I hate to date myself (and if I could, I’m pretty sure that I'd get lucky. EW!-in my best Jimmy Fallon voice. Sorry, were you eating breakfast?) but back in the mid 90’s I wrote an article for Stocks & Commodities magazine called the 2/20 EMA Breakout System. I set out to prove that a simple system could actually work. One of the readers of the article contacted me and said he liked the concept of using lows greater than the moving average to determine trend. He went on to say that he dubbed this concept “daylight.” There was daylight so-to-speak between the price bar and the moving average. Not to digress too far but plot some moving averages on your charts and notice how this simple concept alone can often keep you on the right side of the market. For instance, looking at the weekly Nasdaq with a 50-week simple moving average, there were only 15 bars of downside daylight since 2012!
So, again, this simple concept can keep you on the right side of the market. You’re welcome!
Okay, let’s get back to trading IPOs.

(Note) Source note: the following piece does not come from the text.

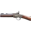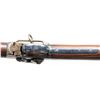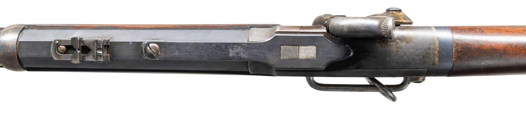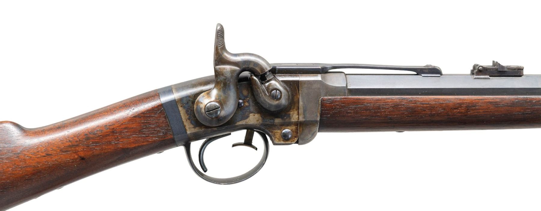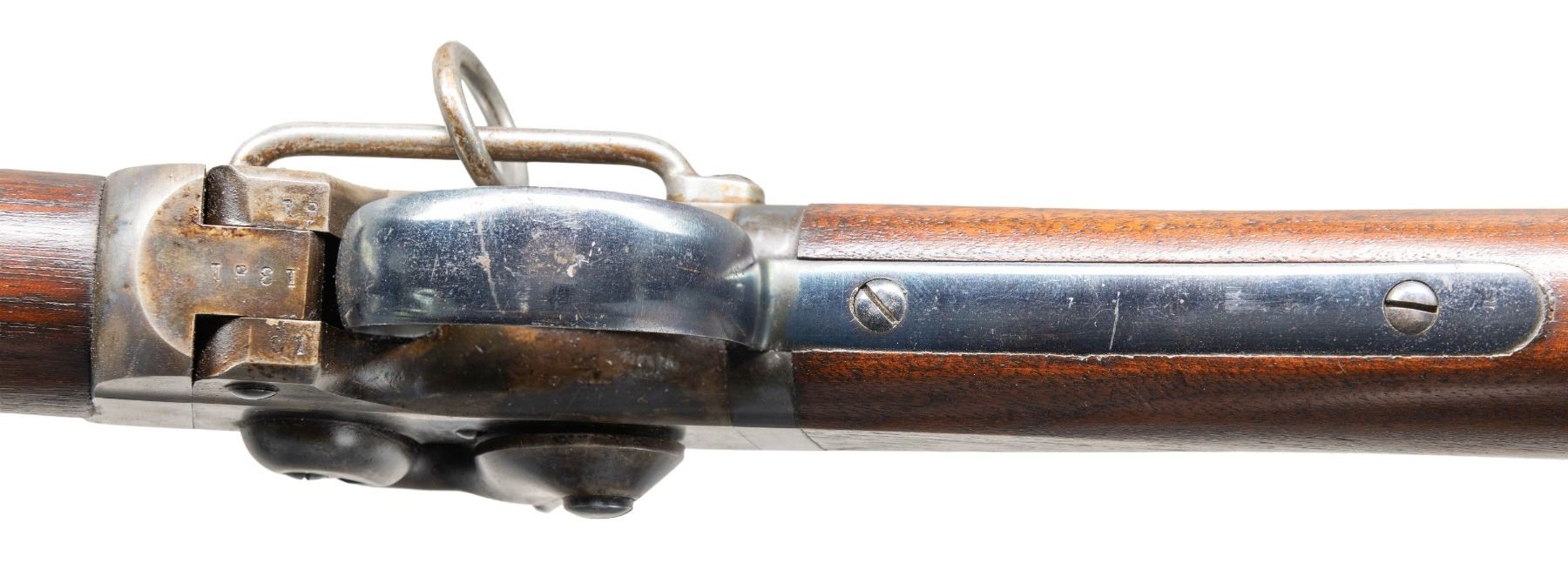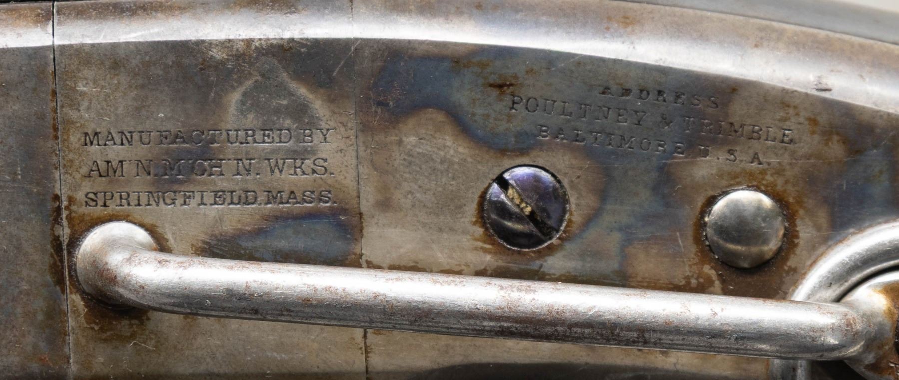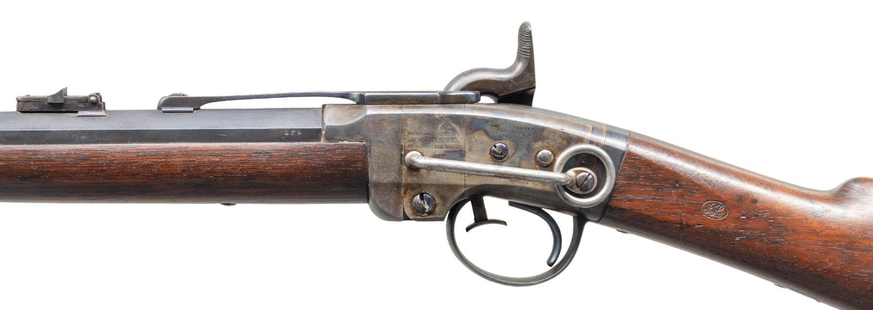 Cal 50. S# 1381. This popular Civil War carbine saw little use and retains most all of its original bright finish. Standard configuration, 21-5/8" part octagonal to round barrel, iron mounted, blue and case color finish. Left side of breech is marked "ADDRESS / POULTNEY & TRIMBLE / BALTIMORE, U.S.A." & "SMITH'S PATENT / JUNE 23 1857" & "MANUFACTURED BY / AM'N M'CH'N WKS / SPRINGFIELD MASS". CONDITION: fine to excellent overall, barrel retains over 90% blue finish, scattered scratches, frame & hammer retains about 90% bright case colors, most of its original fire blue is found on frame ferrule & barrel to frame latch. Stocks are fine with single bright inspector cartouche, small cosmetic blemishes. Mechanically fine with bright shiny rifled bore. PROVENANCE: Estate Collection of John "Jack" Dhooghe. (01-28228/JS). ANTIQUE. $2,500-3,500.

Let’s look at the aforementioned simple system using the following two rules:
1. The low must be above the 5-day moving average (i.e. there's daylight)
2. The stock must close at a new high.
Taking a look at recent new issue Jounce Therapeutics (JNCE)—note, full disclosure, we are long this issue in the model portfolio (not with this pattern)-notice that it came public without much excitement. The stock then rallies above its 5-day moving average and there is “daylight”-its low is greater than it’s moving average. Then, on the following day, it also closes at a new closing high.
Smart Sand (SND), another one that we are currently long (not with this pattern), makes for another good example. See below.
Now, the point is not to rush out and start trading Big Dave's IPO Daylight pattern (at least not without some additional research) but rather to wait for an IPO to prove itself first. This is especially true since many, again, "die and die."
There’s a big buzz about Snapchat (SNAP) right now—and quite frankly, who doesn’t like taking pictures of themselves and then superimposing a rainbow dripping out of your mouth, a cartoon dog face, googly eyes or even better, some combination thereof? Jeez, am I becoming an old fart (that’s rhetorical, please don’t reply) or is that just stupid?
Anyway, before I confuse the issue with facts much further let’s get back to how to handle new issues. First, you must never forget that as traders we are trading traders and not markets. Once you start interjecting logic into equation-like the stupidity of puking a rainbow then sending it to your friends-you’re doomed.
Again, the point is to let them establish themselves to see how they will trade.
Sometimes They Fly And They They Die
Another common pattern, and quite often the most tradable, is what I have dubbed the “fly and die.” The IPO takes off but then as reality sets in it begins to wane. Scroll back up the to the NOVN trade for a good example. Quite simply, wait to see if the issue rallies and then look to trade pullbacks along the way. Just make sure you have a chair ready for when the music stops. Again, they're for "trading, not eating."
The "bloom coming off the rose" in an IPO reminds me of a story. Way back when the earth was still cooling there was something known as a “voice” broker. You actually had to call a dude--and quite often they would call you first!--to make a trade. A friend of mine would often joke as hot stocks begin to drop that clients were likely calling their broker questioning the broker's recommendation: “Now wait, what-did-I buy?”
So how do you handle SNAP and the next 1,000 IPOs that come public? Just wait for 'em to go up and make sure you have a chair for when the music stops. And, if they don't go up, don't buy 'em.